Collectively, local government in this state has a great story to tell about how it manages budgets and debts.

Over the past four years, Queensland councils have reduced total debt by 16% to $6.8b.

Net debt (which is debt over cash) is only $500 million.

 

This is amazing when you compare these figures to the other two levels of government.

The same fiscal discipline applies to local governments’ total workforce number which is currently at circa 40,000. This is down by 4500 from the 2011 peak and comparable to the 2008 state-wide council employee total. This is a prudent and restrained move and one of the main reasons why rate rises have been kept to a minimum.

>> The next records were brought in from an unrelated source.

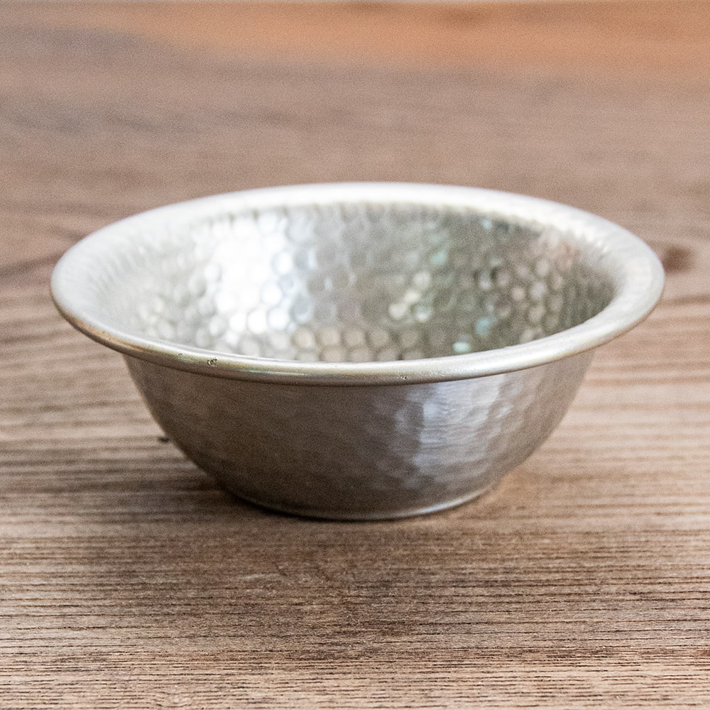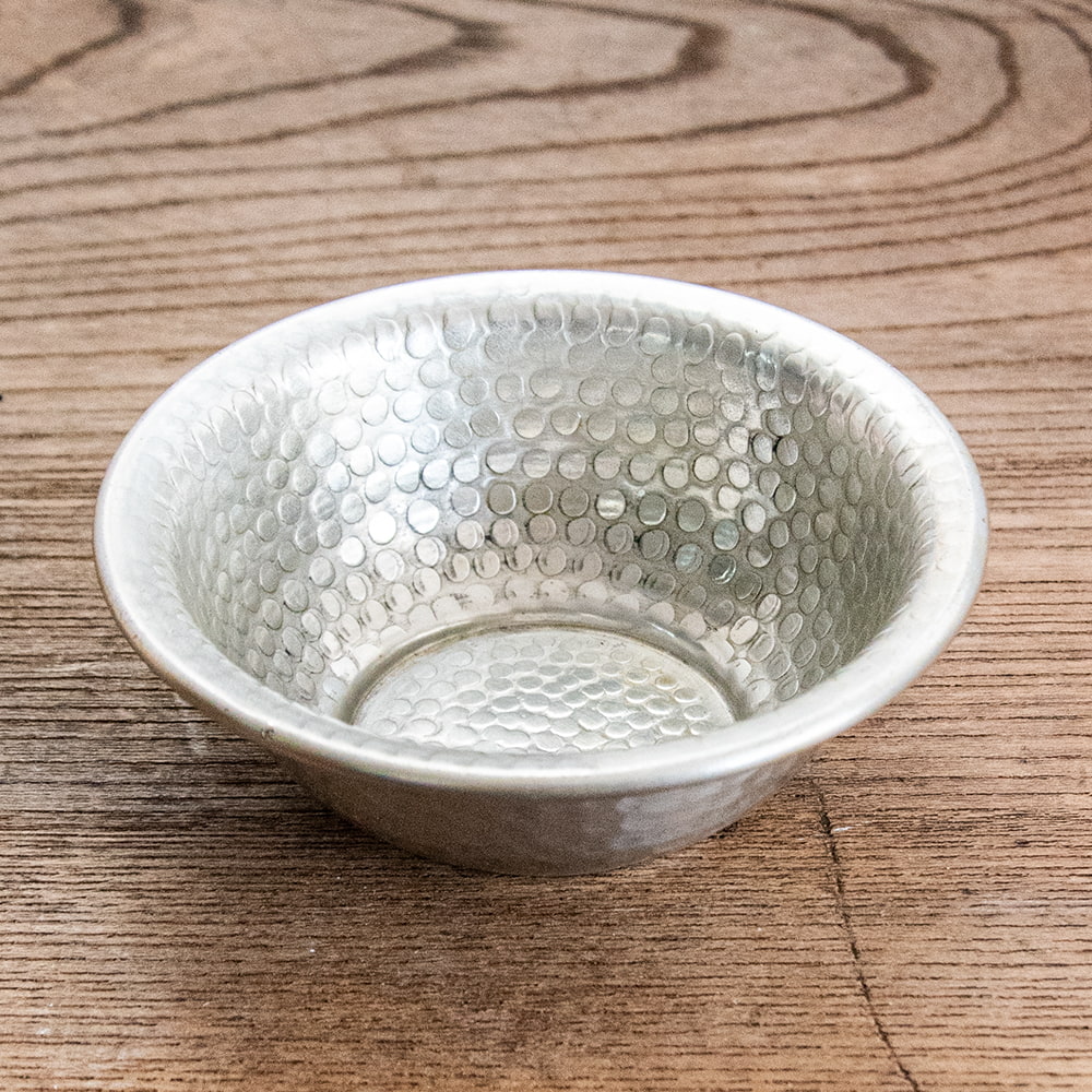 デリーから6時間ほど離れたところにあるイスラム街モラダバードから、手仕事の光る上品なアルミ製のミニボウルが届きました。アンティーク感のあるボウルは鈍く光る金属の質感と相まってテーブルまわりを美しく飾ってくれます。職人による手仕事のため、一つ一つが微妙に異なった仕上がりになっています。ハンドメイドならではのデザインのゆらぎが生き生きとした質感を感じさせます。使い込むにつれて風合いが増していきますので、長く楽しむのにおすすめの一品です。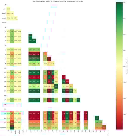 The Pearson correlation coefficient r represents the correlation between two variables X and Y as a value between +1 and −1, and 0 indicates that there is no relationship. n is the number of samples, X i and Y i are the two sample points, and X ¯ and Y ¯ are the averages. Here, as the correlation coefficient between X and Y approaches 1, it implies that when one increases, the other tends to increase as well. The correlation matrix heat map expresses the correlation coefficient in terms of numbers and colors [32]. Figure 2 shows the correlation matrix heat map of the C-MAPSS dataset. Among the many input variables, one should focus on the correlation between sensor data from s1 to s21. Positive correlations are indicated by green, negative correlations are indicated by red, and no correlation is indicated by white. When the row and column numbers are the same, the correlation coefficient is always one because it is the correlation coefficient for itself; thus, the diagonal line’s upper right portion is omitted for convenience. In the correlation analysis, the high correlation between X and Y indicates their tendency to increase or decrease together. However, Y does not necessarily increase as X increases.
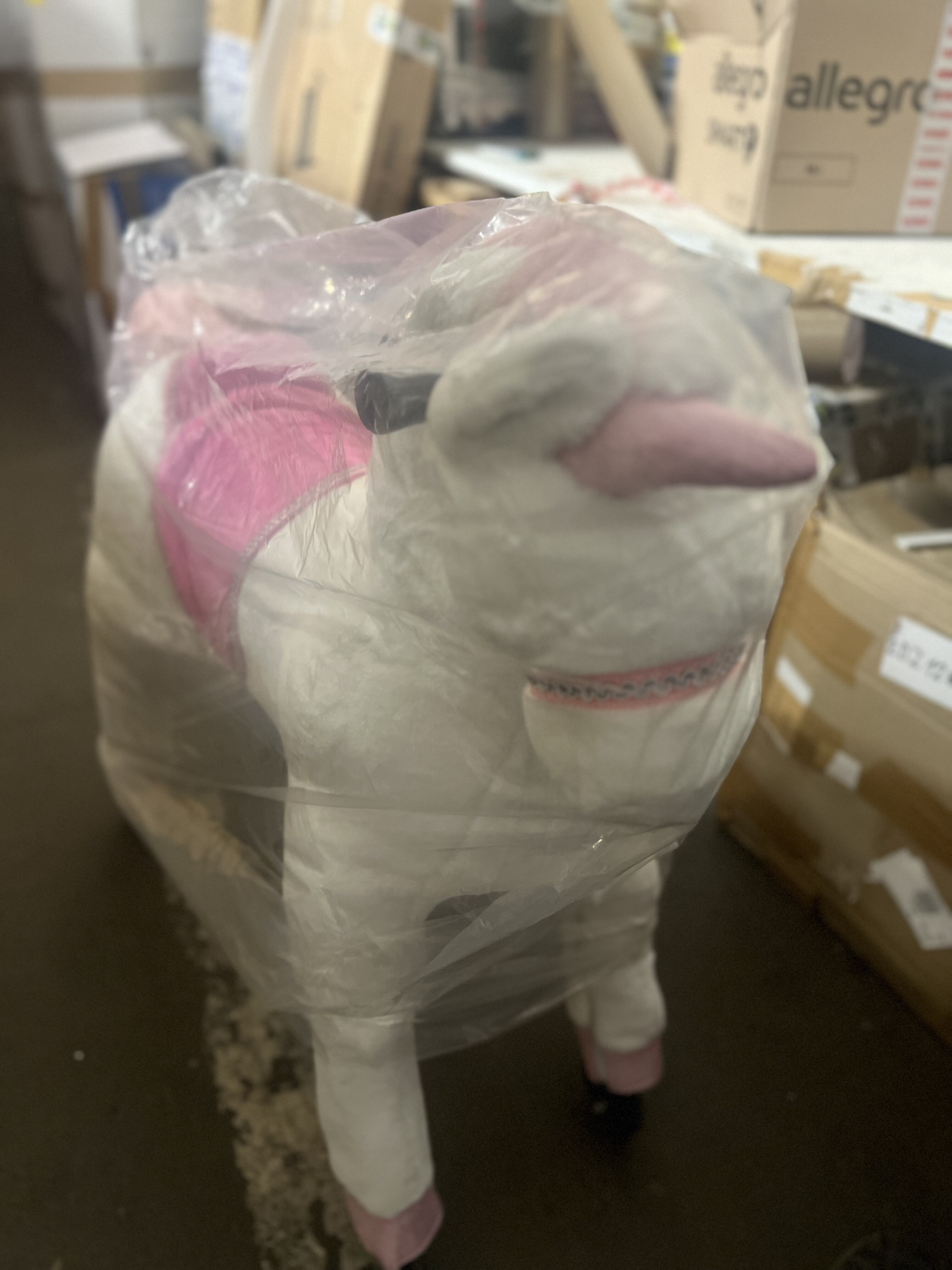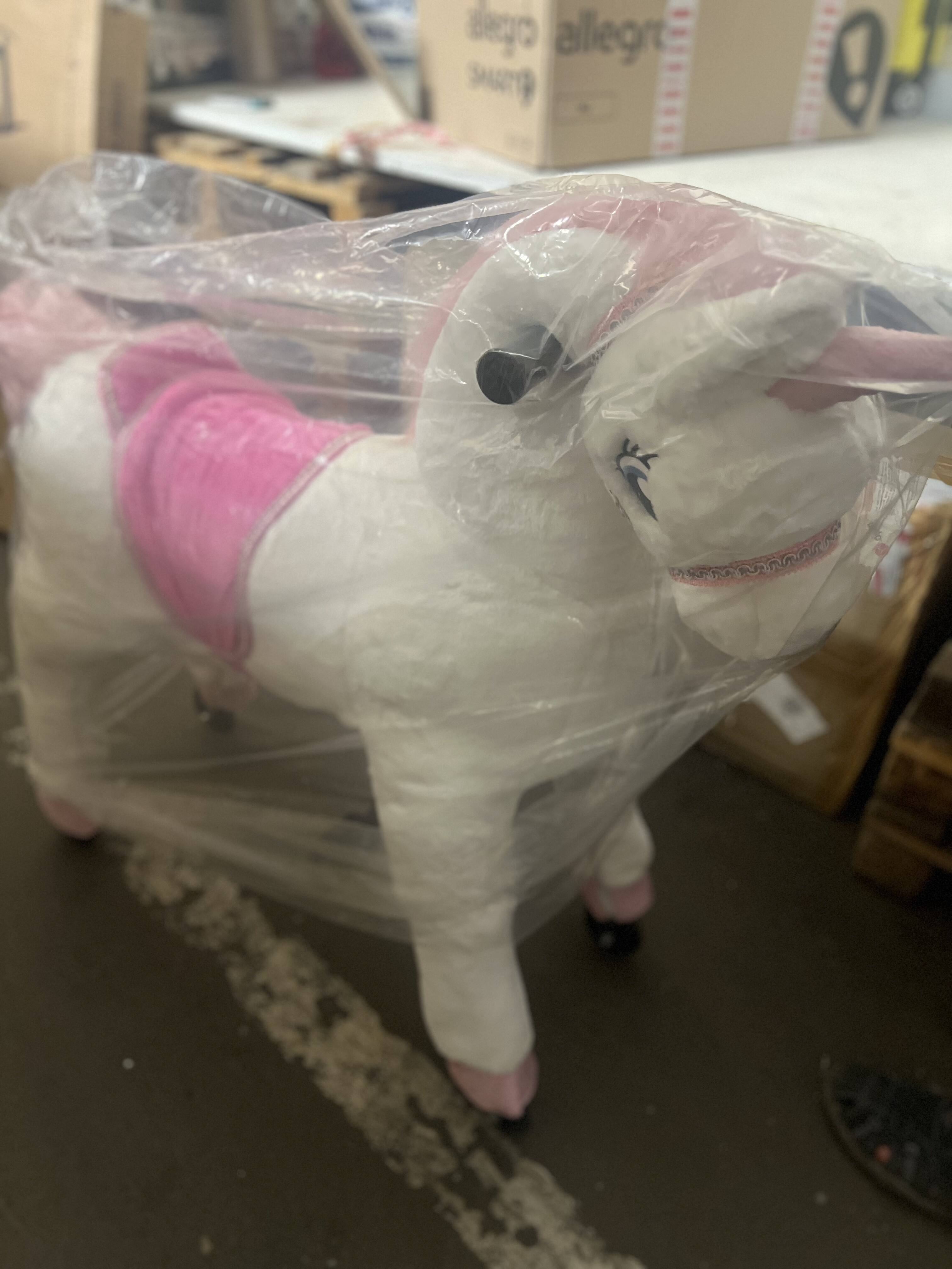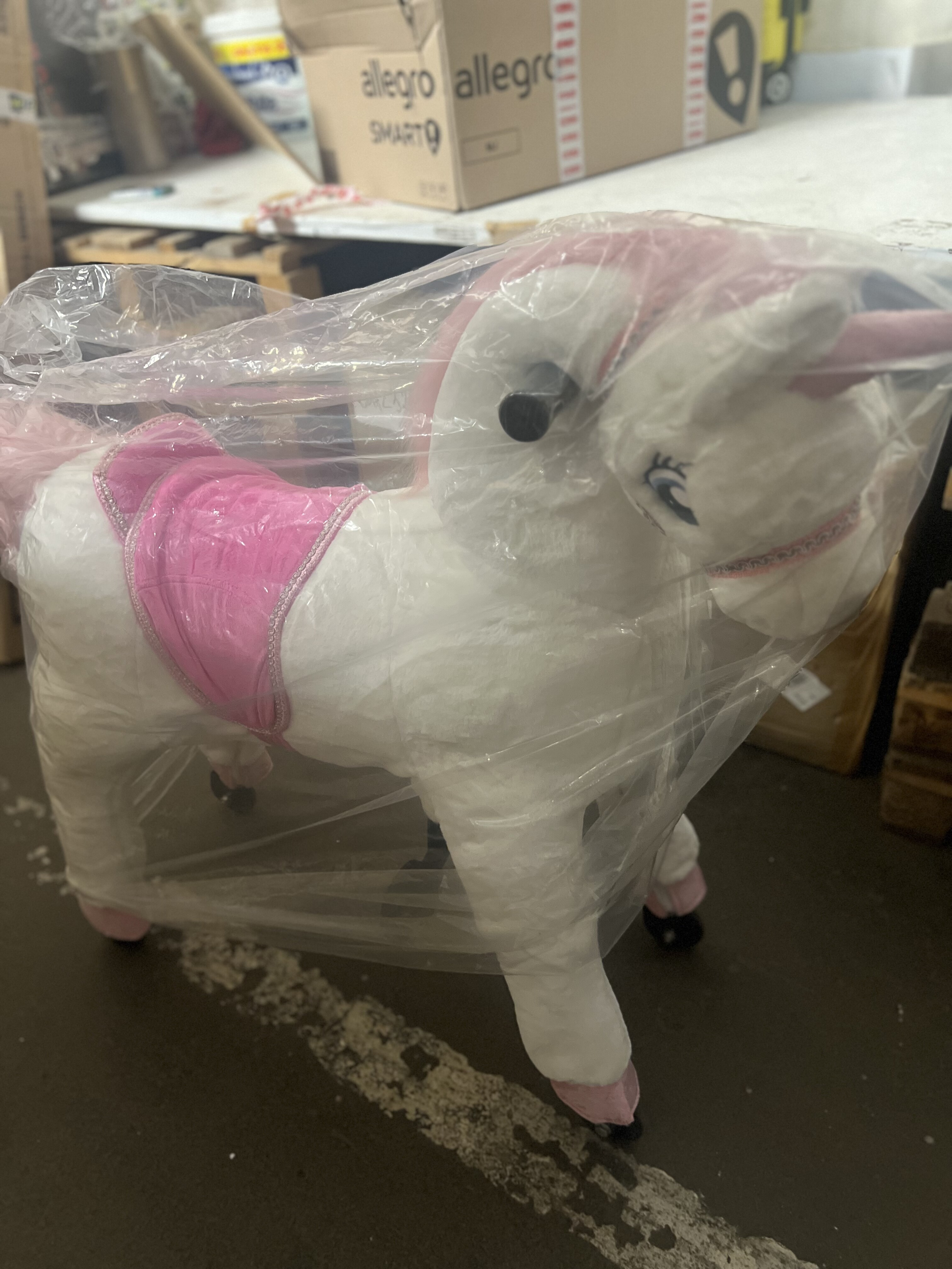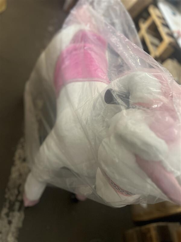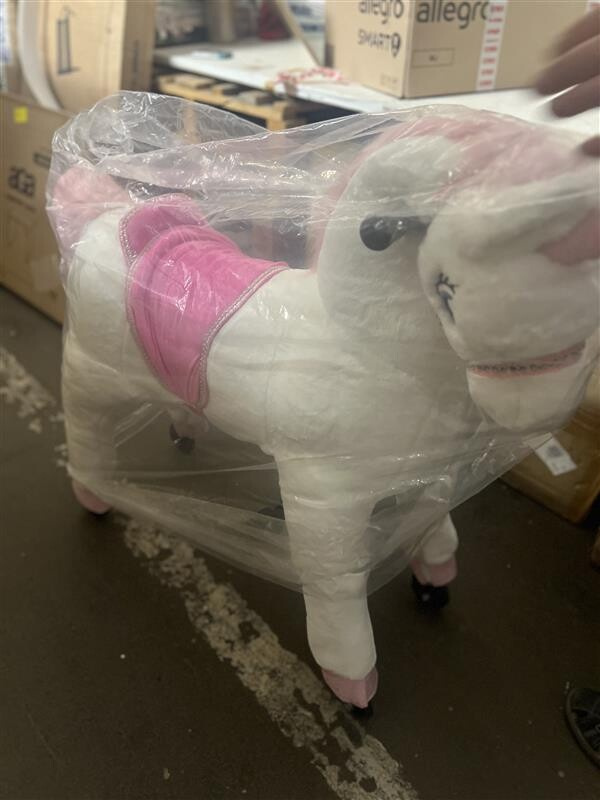 Dumnie wyglądający koń wierzchowy Jednorożec na kółkach. Koń zaczyna się poruszać, gdy jeździec porusza się prawidłowo. Koniem można kierować w prawo lub w lewo. Koń pokryty jest miękkim pluszem na powierzchni i dlatego jest bardzo przyjemny w dotyku. Wyposażony w zamki błyskawiczne i zdejmowaną powłokę zewnętrzną. Koń wyposażony jest w uchwyty i pedały. Solidna metalowa konstrukcja zapewnia stabilność i bezpieczeństwo podczas użytkowania. Nośność min. 25 kg do maks. 65 kg. Główne cechy: wysokość siodła 68 cm ruchy wahadłowe podczas jazdy trenują równowagę, koordynację i zwinność

For pretty much all of this term, councils have only increased general rates at, or around the CPI (Consumer Price Index).

I can safely say that rates will not be an issue at the March 2020 council elections.

These figures are all the more remarkable when you consider councils have to fund growth, basic infrastructure and services all with no growth tax, i.e. no GST or Payroll Tax which are ad valorem, whereas rates aren’t.

Over the last decade, Queensland’s population has increased by 18.5%. Our total state population reached five million people for the first time in 2018. All those folks drive on local roads, and increase demand on the water, wastewater, waste and drainage infrastructure and services councils provide. Not to forget libraries, parks and gardens, sporting facilities and the like. It’s no wonder then that the balance sheet value of council infrastructure has recently topped $150 billion.

In all, councils raise just over three percent of total taxation but are lumbered with 33% of the national total infrastructure bill. You can see why the LGAQ is so strident in its public campaigning to address vertical fiscal imbalance. Getting Financial Assistance Grants restored to one percent of total Commonwealth taxation is key to regaining this balance. There is no other way to fix this problem folks.

Canberra needs to pay its fair share and 1 William St has to do its bit too.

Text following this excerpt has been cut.